Overall, \(g\) is equal to \(\varPhi \circ \rho ^{d+4} \circ \text {pad}\). The function \(\text {pad}\) is a bijection and we shall consider that the restriction of \(\varPhi \) over the set of the pairs main register/carry register reachable after \(d+4\) calls to \(\rho ^{}\) starting in the image of \(\text {pad}\) is collision-free. The designers of gluon claim:
After a few iterations from an initial state, the automaton is in a periodic sequence of states of length \(P\). The average number of required iterations to be in such a state is experimentally less than \(\log _{2}(n)\), where \(n\) is the size of the main register [...] This leads to consider a function [\(g\)] which is really close to a permutation from \(\{ 0,1 \}^{b}\) into itself because the surjective part of the construction is really limited once the function [\(g\)] acts on the main cycle.
However, what happens during these first rounds, before the main cycle is reached? It is possible to encode the equation
for a fixed \(a\) into a CNF-formula solvable by a SAT-solver as long as \(k\) is not too big, say 10. The encoding is fairly straight-forward and we shall not go into the details for the sake of concision. Note that solving the equation \((\rho ^{k} \circ \text {pad})(x) = y\) using a SAT-solver is fast, meaning that it is possible to run a fcsr backward. However, we tried encoding the filtering so as to solve \((\varPhi \circ \rho ^{k} \circ \text {pad})(x) = y\) but no SAT-solver was able to handle the corresponding CNF-formula — we killed the process after 1 week of running time for gluon-112 (simplest filtering of the three), and for \(k=1\) instead of \(k=d+4=46\).

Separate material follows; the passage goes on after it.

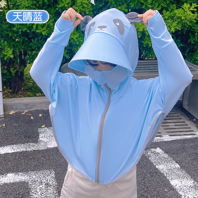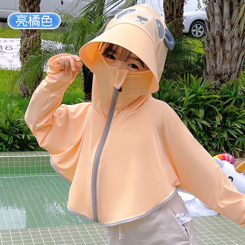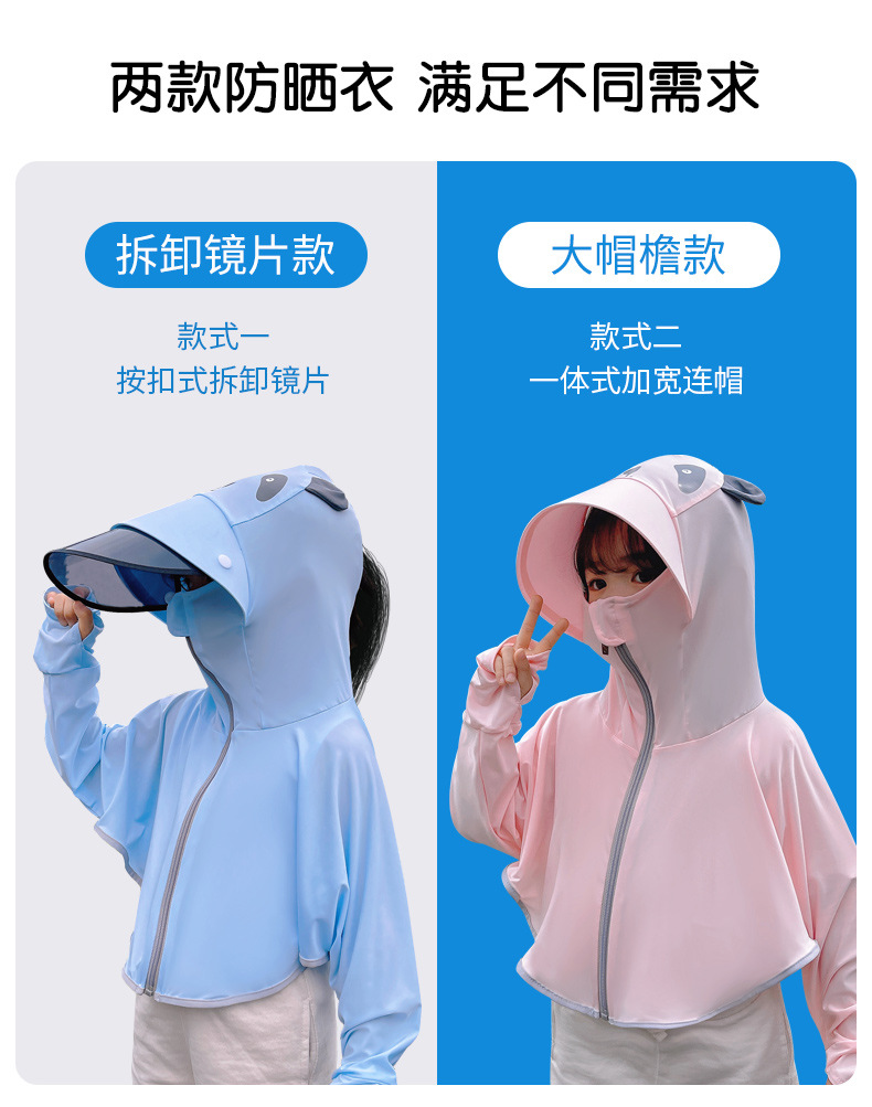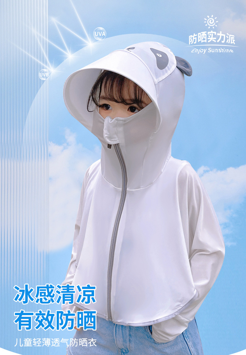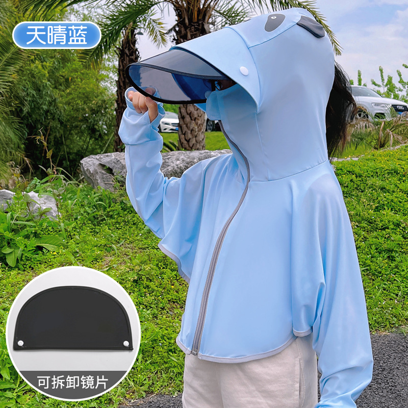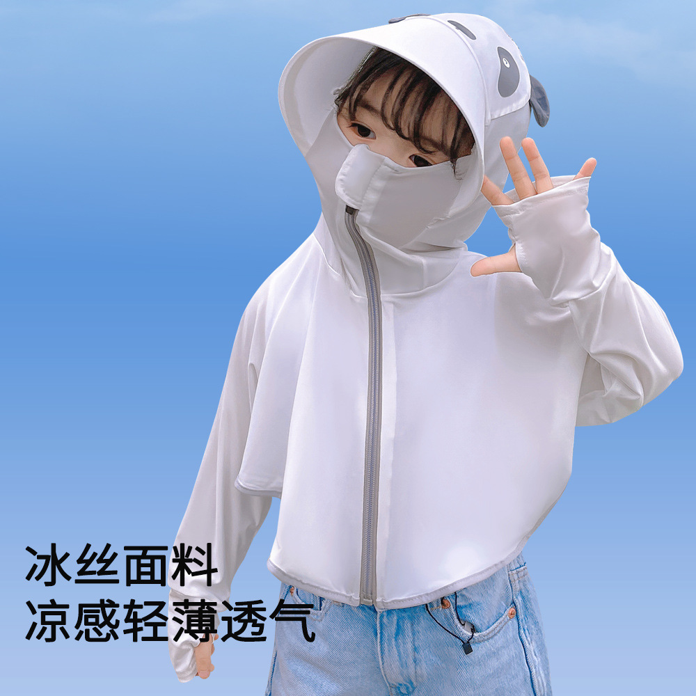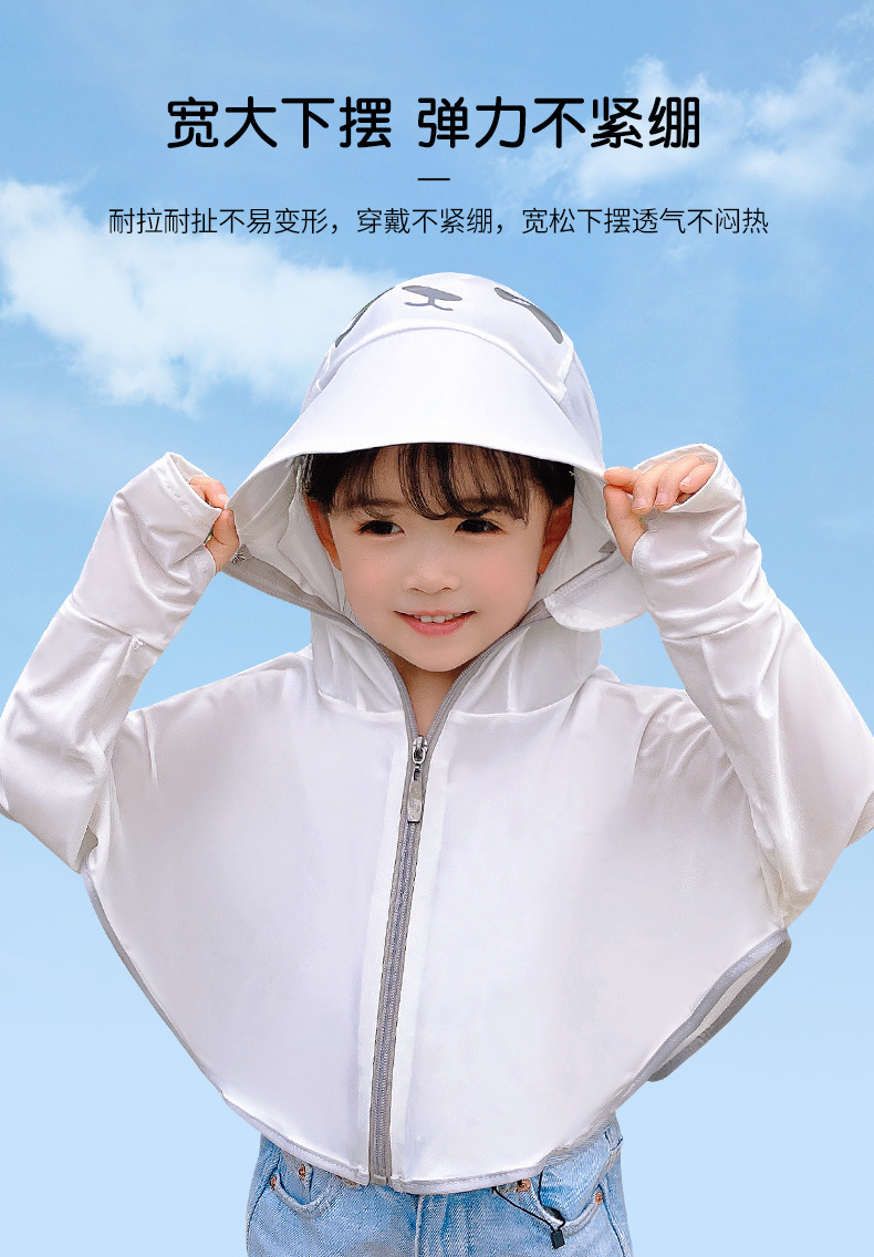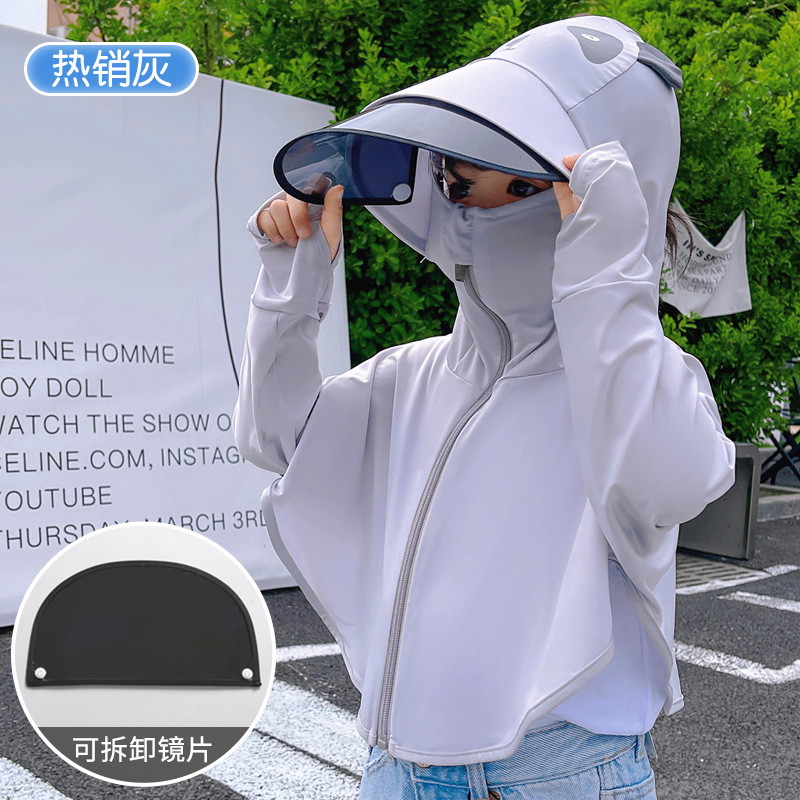 Детская солнцезащитная одежда с ледяной шелк 2025 летняя анти-ультрафиолетовая девочка мальчик красивый тонкий дышащий солнцезащитный костюм с капюшоном

We solved (7) for many values of \(a\) and for \(k=10\) for each member of the gluon family. While no non-zero solutions were found for any \(a\) for gluon-80 and gluon-112, it turns out that (7) has many solutions for gluon-64. We used Algorithm 1 to find to which \(V_{k}\) any element \(a \in \mathcal {S}\) belongs by enumerating all the values of \(x\) such that (7) holds. It works by solving (7) for \(x\), thus (possibly) finding a solution \(x_{1}\); then solving (7) with the constraint that the solution must be different from \(x_{1}\), thus (possibly) finding \(x_{2}\), etc. until no more solutions can be found. If there are \(k\) such \(x \ne 0\), then \(a\) is in \(V_{k+1}\).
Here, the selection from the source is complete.